Isaac Newton, (January 4, 1643 (December 25, 1642) ”March 31, 1727 (March 20, 1727) was an English physicist, mathematician, astronomer, inventor, philosopher and chemist. It is considered to be the most influential scientist in history. The scientific revolution and scientific method are named after him. His father, a farmer, died three months before Newton was born. Writing to King’s School in Grantham at the age of twelve Newton, […]
Isaac Newton, (January 4, 1643 (December 25, 1642)” March 31, 1727 (March 20, 1727) English physicist, mathematician, astronomer, inventor, philosopher and chemist. It is considered to be the most influential scientist in history. The scientific revolution and the scientific method are named after him.
His father, a farmer, died three months before Newton was born. Newton, who enrolled at King’s School in Grantham at the age of twelve, graduated in 1661. That same year he entered Trinity College at Cambridge University. He received his undergraduate degree from this school in April 1665. The university was closed due to the plague epidemic that spread while he was starting his graduate studies.
Taking shelter in his mother’s farm for protection from the epidemic, Newton made his most important discoveries during the two years he spent here.
Because of his timidity, Newton published many of these breakthrough discoveries many years later (for example, derivative and integral calculus 38 years later).

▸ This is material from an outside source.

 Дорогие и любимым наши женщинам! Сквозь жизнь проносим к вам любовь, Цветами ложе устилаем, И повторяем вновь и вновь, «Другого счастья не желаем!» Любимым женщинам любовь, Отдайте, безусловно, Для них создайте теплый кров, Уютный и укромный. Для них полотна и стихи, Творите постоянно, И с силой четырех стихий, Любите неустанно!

After completing his graduate study the following year, Newton was at Cambridge University in 1669, at the age of 27. He was made a professor of mathematics. He built the first mirror telescope in 1671, and was elected a Fellow of the Royal Society the following year. When his paper on the phenomenon of color, which he submitted to the Royal Society, was criticized, especially by Robert Hooke, Newton fell completely withdrawn and cut off his relationship with the scientific world.
In 1675, two papers on optics led to new discussions. Hooke argued that some of the results in the articles were his own invention, and that Newton claimed them. As a result of all these discussions and criticisms, Newton, who fell into a mental depression in 1678, returned to his scientific studies six years later, only with the efforts of his close friend, the famous astronomer and mathematician Edmond Halley.

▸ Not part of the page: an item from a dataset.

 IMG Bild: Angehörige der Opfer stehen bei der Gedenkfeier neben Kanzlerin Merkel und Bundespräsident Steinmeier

He tried to spread and dominate Catholicism at Cambridge University. Newton, who led the resistance movement against him, was elected as the representative of the university in the parliament in 1689 after the king was dropped.
Although he regained his health after a two-year rest period, he was not interested in scientific work in his next life. Later, he was elected a foreign member of the French Academy of Sciences in 1699 and president of the Royal Society in 1703.
Considered one of the greatest scientists of the past, Newton made very important discoveries in mathematics and physics. He found the general binomial theorem in mathematics, which gives the expression (a + b) to the exponential series. Newton’s greatest contribution to science is in the field of mechanics. He put forward the law of gravity by taking together the laws of centrifugal force and the laws of Kepler. The principle of inertia known as Newton’s laws of motion, the law that states that force is equal to the product of mass and acceleration, and the equality of action and response are among the most important laws of physics. had to throw. He himself knew that these assumptions were wrong, but he had to use them.